*Information provided:*
[Start of section]
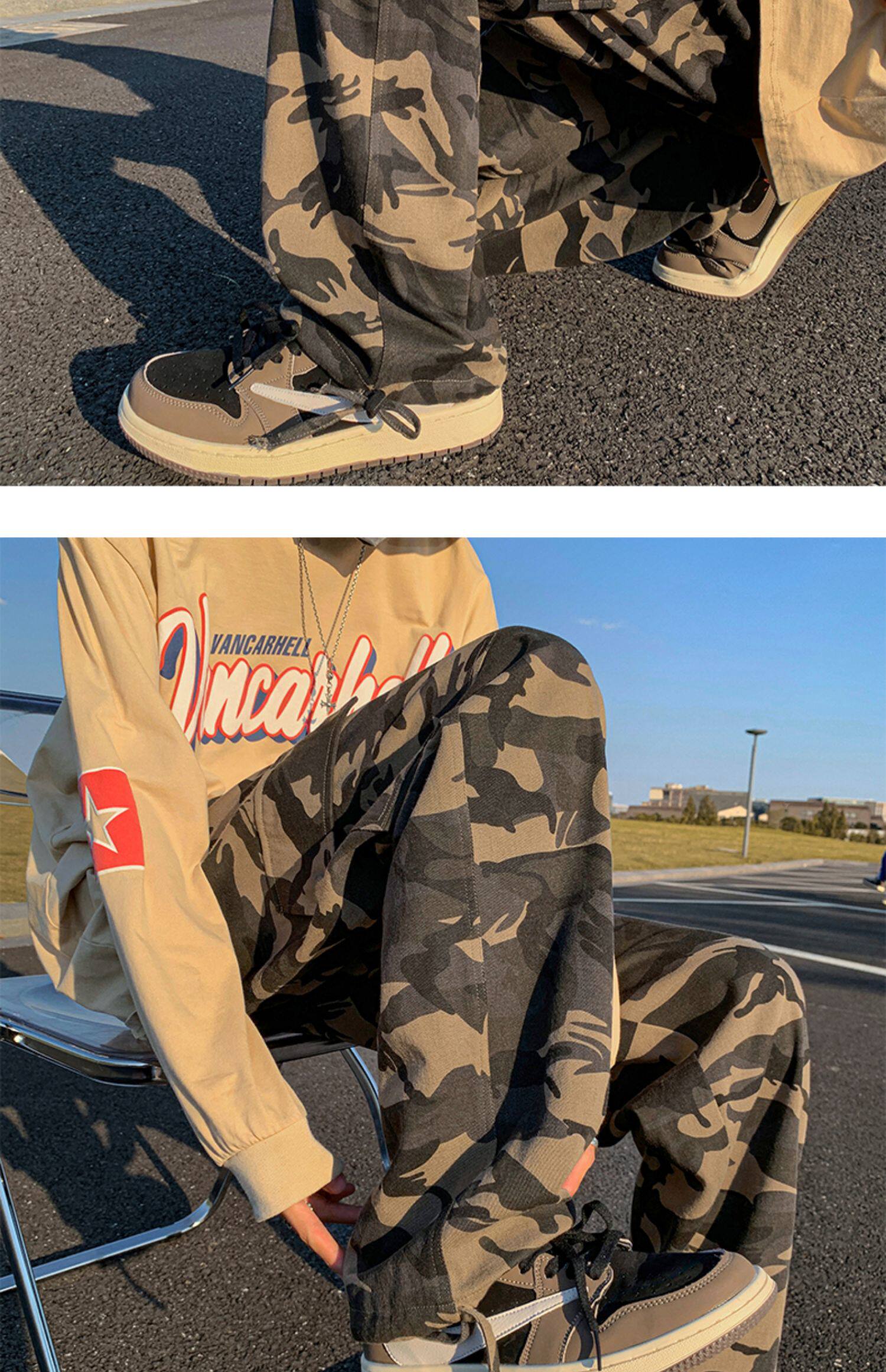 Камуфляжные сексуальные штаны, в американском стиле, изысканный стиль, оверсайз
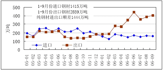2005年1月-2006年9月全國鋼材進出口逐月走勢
[End of section]
[Start of section]
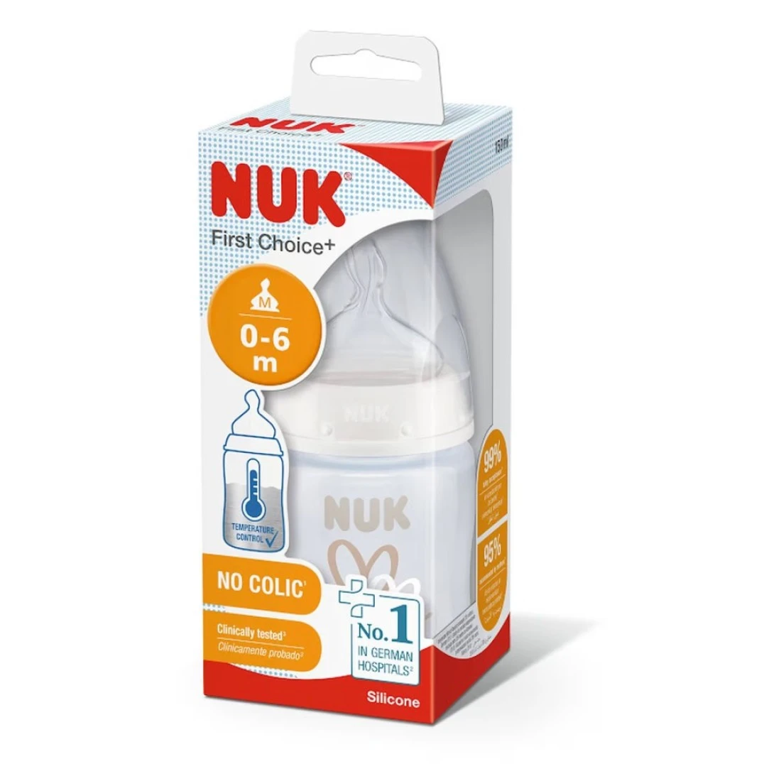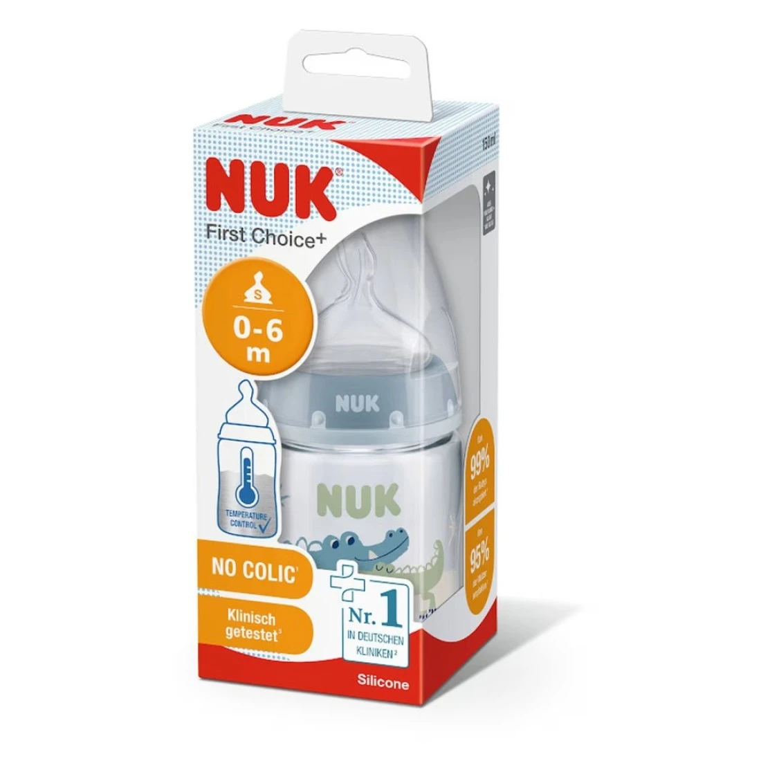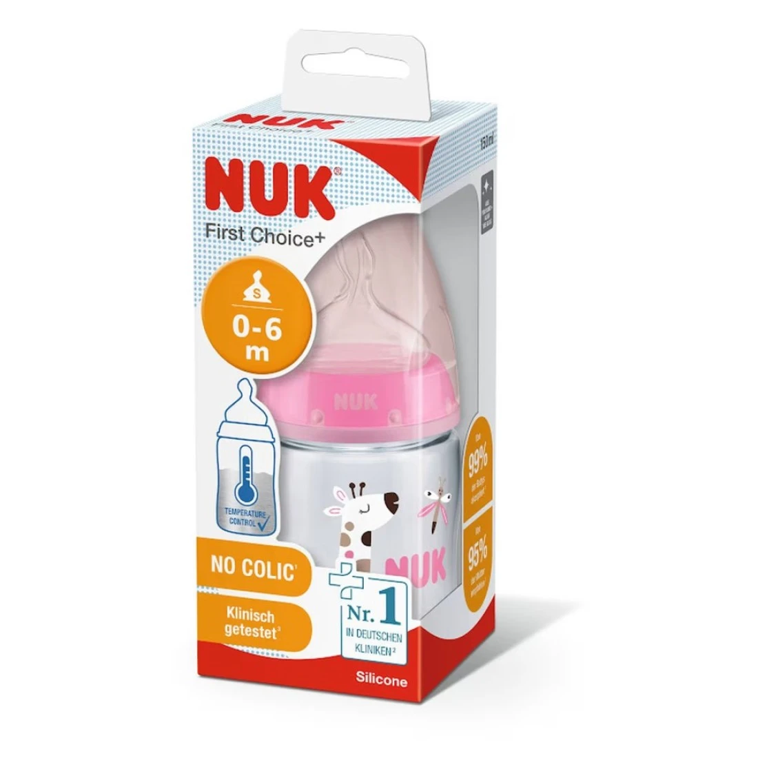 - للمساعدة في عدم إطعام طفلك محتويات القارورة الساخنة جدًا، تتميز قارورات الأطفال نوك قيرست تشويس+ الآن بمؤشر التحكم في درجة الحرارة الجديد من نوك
[End of section]
[Start of section]
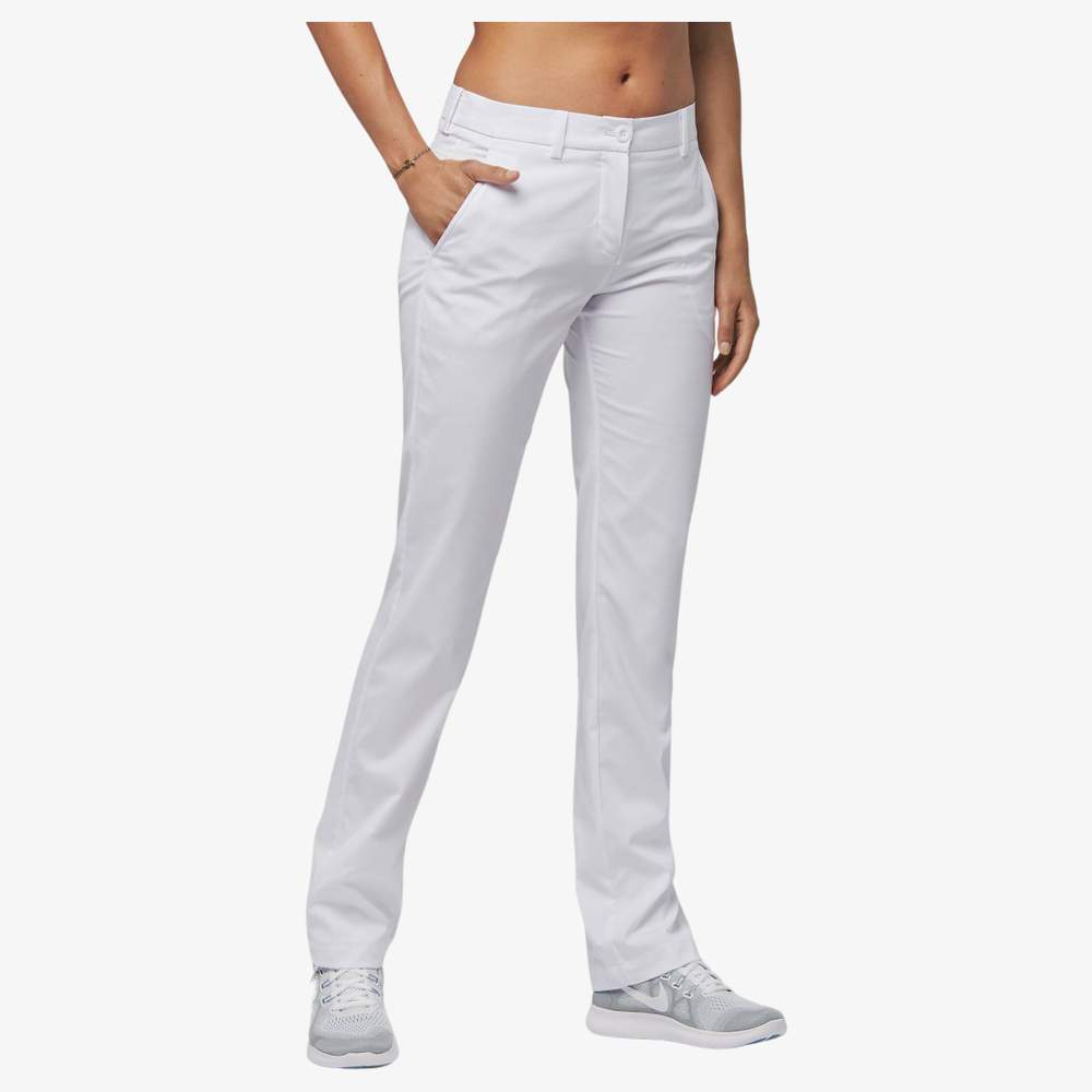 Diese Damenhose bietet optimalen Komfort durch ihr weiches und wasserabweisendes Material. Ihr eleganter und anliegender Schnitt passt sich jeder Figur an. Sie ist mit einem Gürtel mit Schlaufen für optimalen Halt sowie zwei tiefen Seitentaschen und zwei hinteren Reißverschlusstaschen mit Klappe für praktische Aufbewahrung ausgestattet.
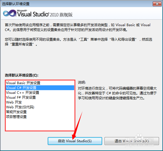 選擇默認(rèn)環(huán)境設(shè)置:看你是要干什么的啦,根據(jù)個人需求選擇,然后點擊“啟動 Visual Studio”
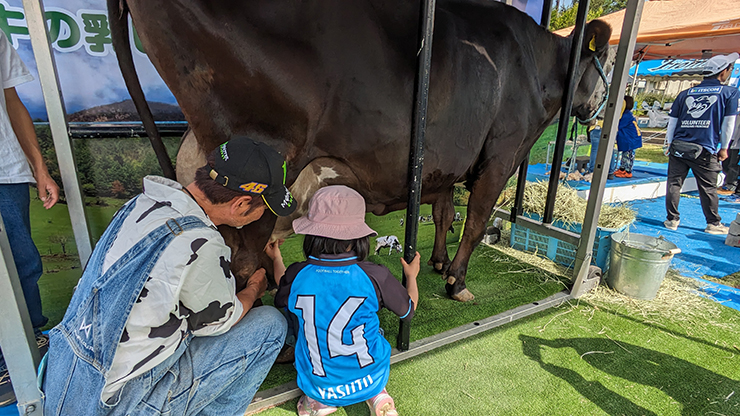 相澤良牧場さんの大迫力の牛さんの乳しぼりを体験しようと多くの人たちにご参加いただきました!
[End of section]
*What the task asks:*
The answer must be the part of the records that opens with the line containing "Камуфляжные сексуальные штаны, в" and closes with the line containing "2005年1月-2006年9月全國鋼材進出口逐月走勢", reproduced exactly, with no pictures.

*Answer section:*
 Камуфляжные сексуальные штаны, в американском стиле, изысканный стиль, оверсайз
2005年1月-2006年9月全國鋼材進出口逐月走勢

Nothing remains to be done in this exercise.